Join us for The Early Feeding Skills Assessment Tool: A Guide to Cue-based Feeding

Please plan to join Dr. Suzanne Thoyre and I on August 29-30, 2023, in Baltimore at Greater Baltimore Medical Center for a Train-the-Trainer session on The Early Feeding Skills (EFS) Assessment Tool: A Guide to Cue-Based feeding in the NICU.

Bring your colleagues, or your whole feeding team! We are aiming for an interdisciplinary-professional group, putting our heads together to improve feeding experiences for our most vulnerable infants. We hope to see you in Baltimore! 

Learn to use the EFS to effectively plan and provide an infant-guided approach to feeding.

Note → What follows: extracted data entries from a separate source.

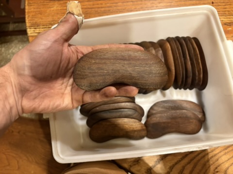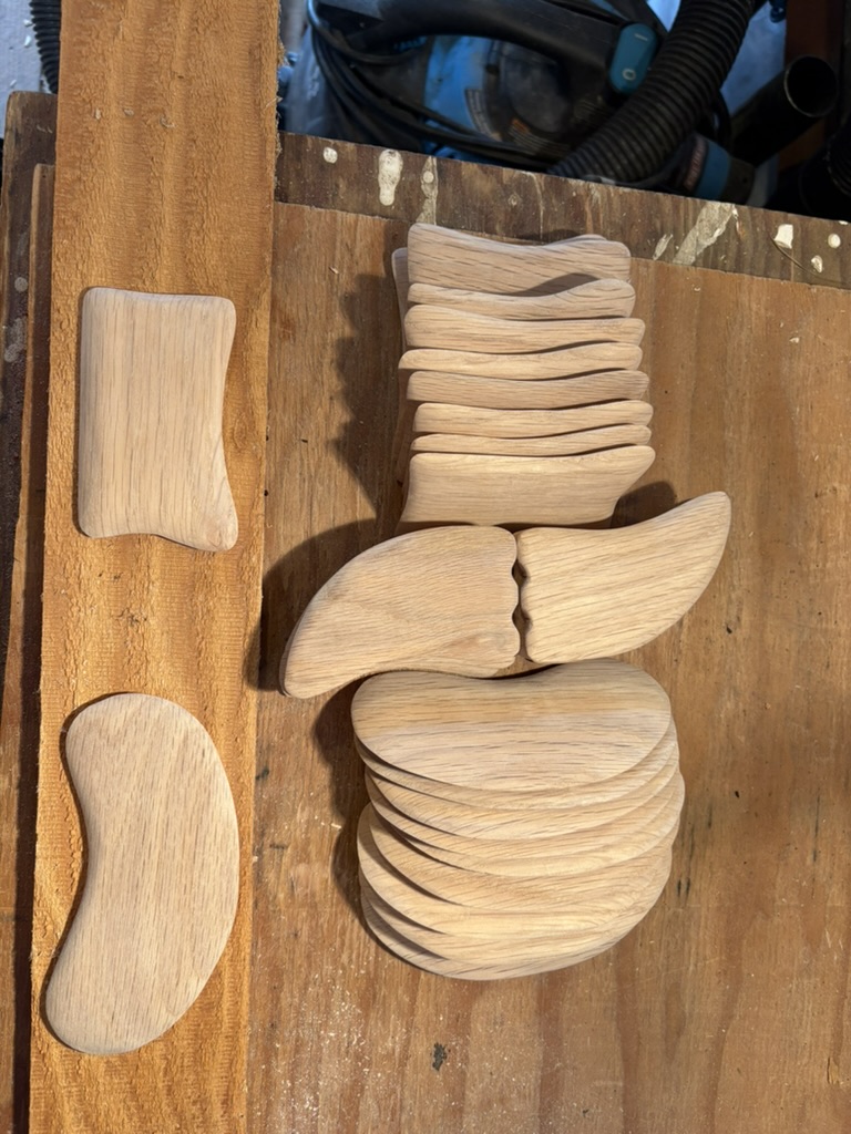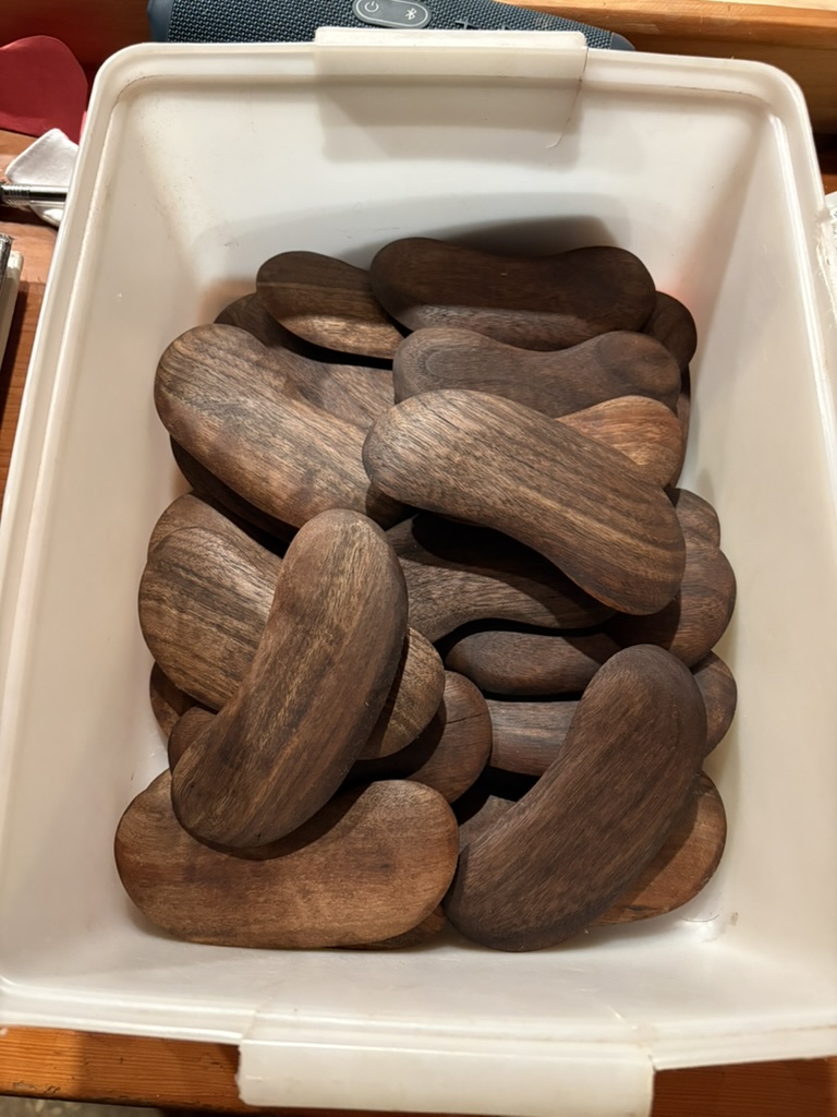 Gua sha massage tools for a local body worker. Once batch done with white oak, a second with black walnut.
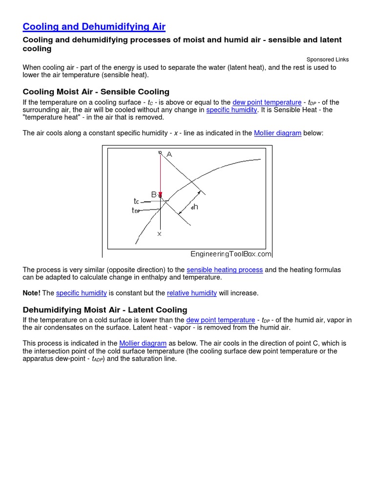 Cooling and dehumidifying processes of moist and humid air - sensible and latent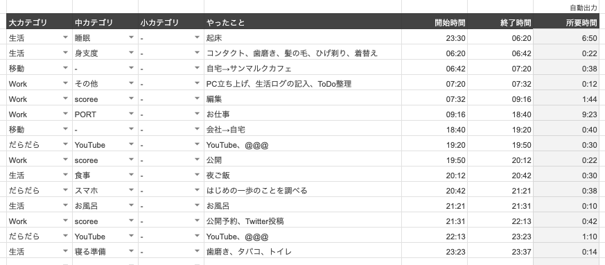- カテゴリに分類する(生活/だらだら/Work/遊び/移動 など)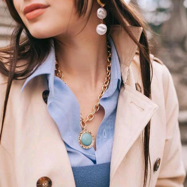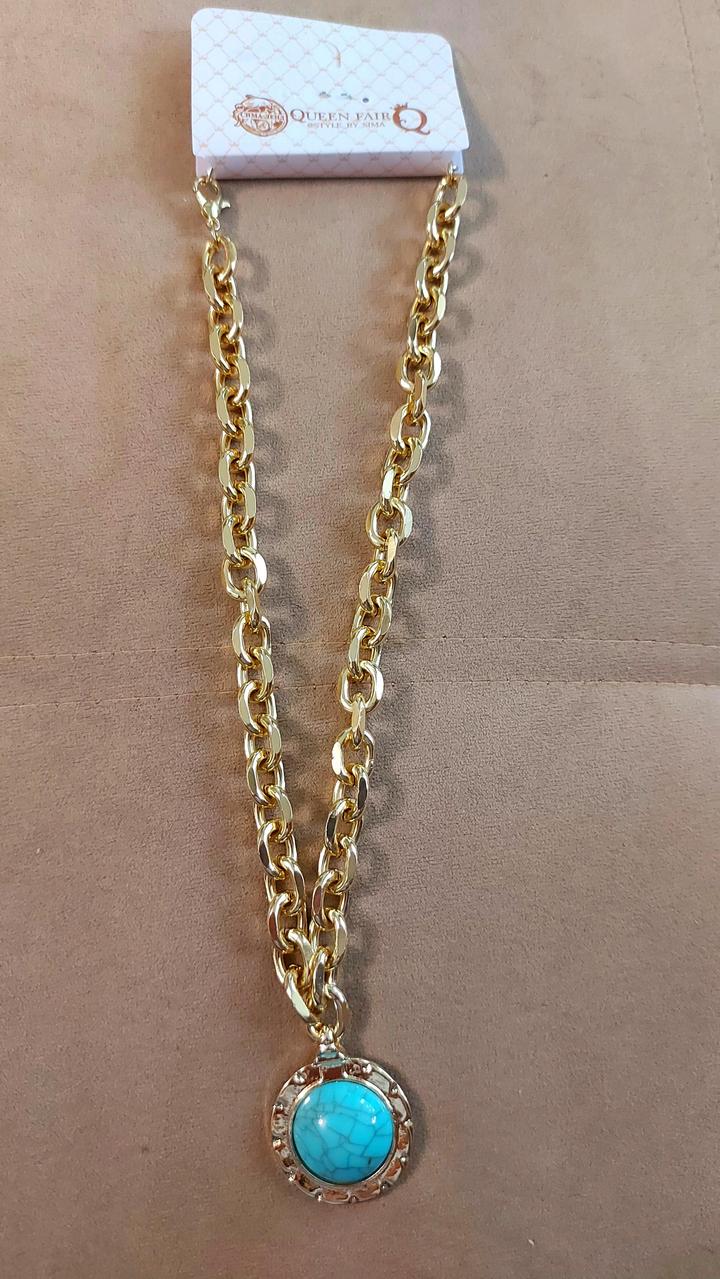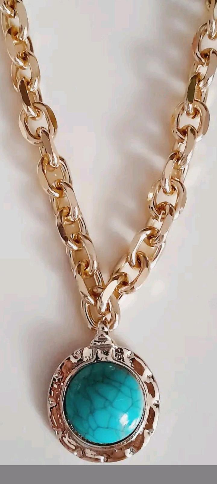 Распродажа остатков. Цепь с кулоном. Камень под бирюзу. Артикул: 593455

Simultaneously learn to train others back home to use the EFS to strengthen your unit’s feeding care. Review current research, the role of experience, dynamic systems theory, and feeding outcomes after NICU. Videotapes with enhanced audio of swallowing and breathing to learn key skill areas of the EFS: respiratory regulation, oral motor and swallowing function, physiologic stability, engagement, and change in coordination patterns of s-s-b as infants develop. Gain confidence scoring early feeding skills as not yet evident, emerging or established. Learn components of an infant-guided, co-regulated approach to feeding and contingent adaptations that make this approach so effective, using the EFS to plan individualized interventions. Receive teaching resources to take back to your unit to train others to use the EFS. As a group, we will network and navigate challenging issues and role-model a collaborative feeding practice.

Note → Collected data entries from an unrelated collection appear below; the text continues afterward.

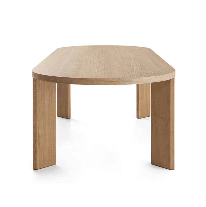 Modern minimalist solid wood oval multi-person office and meeting table, long table for living room, multi-functional dining table, desk for writing and using computer – one table with multiple functions.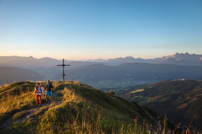 Auf dem Gipfel des Lackenkogels, dem "Hausberg" von Altenmarkt, eröffnet sich ein wunderschöner Rundblick auf die umliegende Bergwelt: Hoher Dachstein - Bischofsmütze, Hochkönig, Tennengebirge und Hohe Tauern mit dem Großglockner. Am Höhensteig nach Zauchensee zeigt sich eine einzigartige Alpenflora.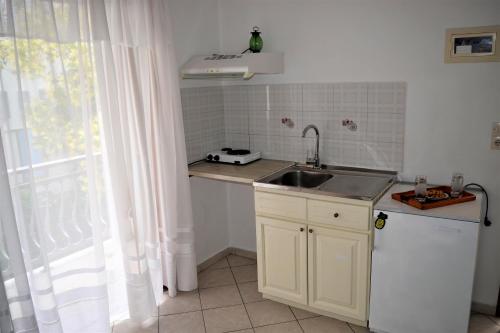 Bare 1 minutters gange fra Potos-stranden ligger Evaggelou Rooms, som har en terrasse og tilbyr boenheter med balkong.
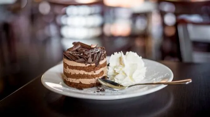 - نرش الكاكاو على الوجه ثمّ نضع قطع الشوكولاتة ونقدمها.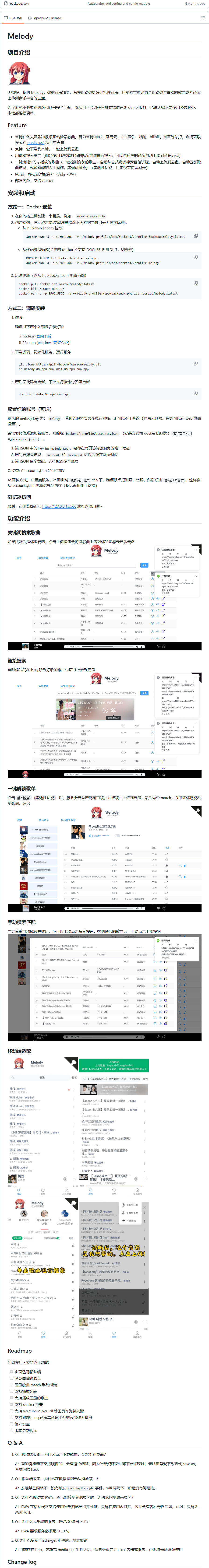 Melody-我的音乐精灵,一款音乐管理工具,旨在帮助你更好地管理音乐,目前的主要能力是帮助你将喜欢的歌曲或者音频上传到音乐平台的云盘。支持在各大音乐和视频网站检索歌曲,支持一键下载到本地,一键上传到云盘,一键“解锁”无法播放的歌曲(一键检测变灰的歌曲,自动从公共资源搜索最佳资源,自动上传到云盘,自动匹配歌曲信息。代替繁琐的人工操作,实现可播放)(实验性功能,目前仅支持网易云),项目工具非开箱即用,支持 docker部署,部署简单。
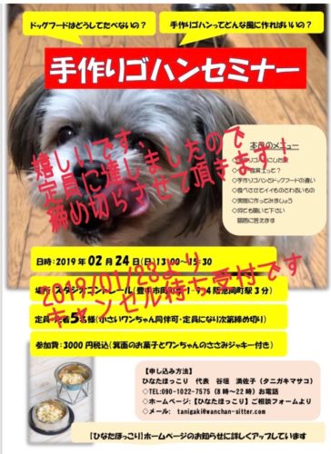 2019/02/24【手作りゴハンセミナー】は01/23に定員に達しました。嬉しい次第です。本当に有難うございました。本日よりキャンセル待ちを受付させて頂こうと思います。

The EFS provides a means of identifying, for individual preterm infants, areas of strength and areas in which support is required to accomplish safe and effective feeding. All too often during oral feeding, infants experience multiple episodes of oxygen desaturation, increased energy expended in response to stress, and fatigue. Possible negative sequelae of recurring stress are often unnoticed, disregarded, or minimized. Through developmental conceptualization of specific infant feeding skills, the EFS provides an infant-focused framework for planning individualized interventions.In addition, the EFS provides a means for assessing infant readiness to engage in oral feeding and for evaluating infant response to a feeding, including any interventions employed.

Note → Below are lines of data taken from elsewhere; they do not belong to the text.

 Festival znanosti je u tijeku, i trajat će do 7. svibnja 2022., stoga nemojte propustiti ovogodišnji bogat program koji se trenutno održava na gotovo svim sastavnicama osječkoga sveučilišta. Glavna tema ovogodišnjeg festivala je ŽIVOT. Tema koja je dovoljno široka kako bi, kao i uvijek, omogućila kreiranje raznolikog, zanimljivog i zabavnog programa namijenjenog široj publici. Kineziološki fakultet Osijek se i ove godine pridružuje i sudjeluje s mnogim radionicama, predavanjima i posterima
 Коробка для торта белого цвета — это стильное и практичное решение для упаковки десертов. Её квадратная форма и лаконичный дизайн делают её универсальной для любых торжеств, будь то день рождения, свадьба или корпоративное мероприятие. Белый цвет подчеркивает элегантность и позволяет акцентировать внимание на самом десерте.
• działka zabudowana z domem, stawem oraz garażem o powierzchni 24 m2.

Assessment and intervention are integrated functions. As infants are fed and their capacities assessed, caregiver behaviors and assessment foci must be adjusted for the individual infant. If he stops sucking spontaneously only on occasion, for example, the infant probably needs a brief imposed break from sucking to support regulation of breathing and to prevent fatigue and/or physiologic dysregulation. If the infant does not root when his lips are stroked, indicating lack of readiness to feed, the feeder explores reasons for this. If the infant has difficulty coordinating swallowing and breathing, the feeder is more alert to his capacity to manage the bolus of fluid given the frequency of sucks and the duration of sucking bursts. The feeder will want to help prevent abbreviated or missed breaths for the infant, to listen more closely for complete and safe swallowing, and to explore the need for a sidelying feeding position, low-flow nipples, pacing strategies, or more extensive swallowing evaluation by a pediatric therapist. Thorough and ongoing assessment is an essential component of feeding practice, particularly for infants early in their skill development. 

Not only does the EFS provide a pathway for your NICU team to infant-guide feeding , but it also has been shown to have strong psychometric properties for use in research. See:  Thoyre, S. M., Pados, B. F., Shaker, C. S., Fuller, K., & Park, J. (2018). Psychometric Properties of the Early Feeding Skills Assessment Tool. Advances in Neonatal Care, 18(5), E13-E23.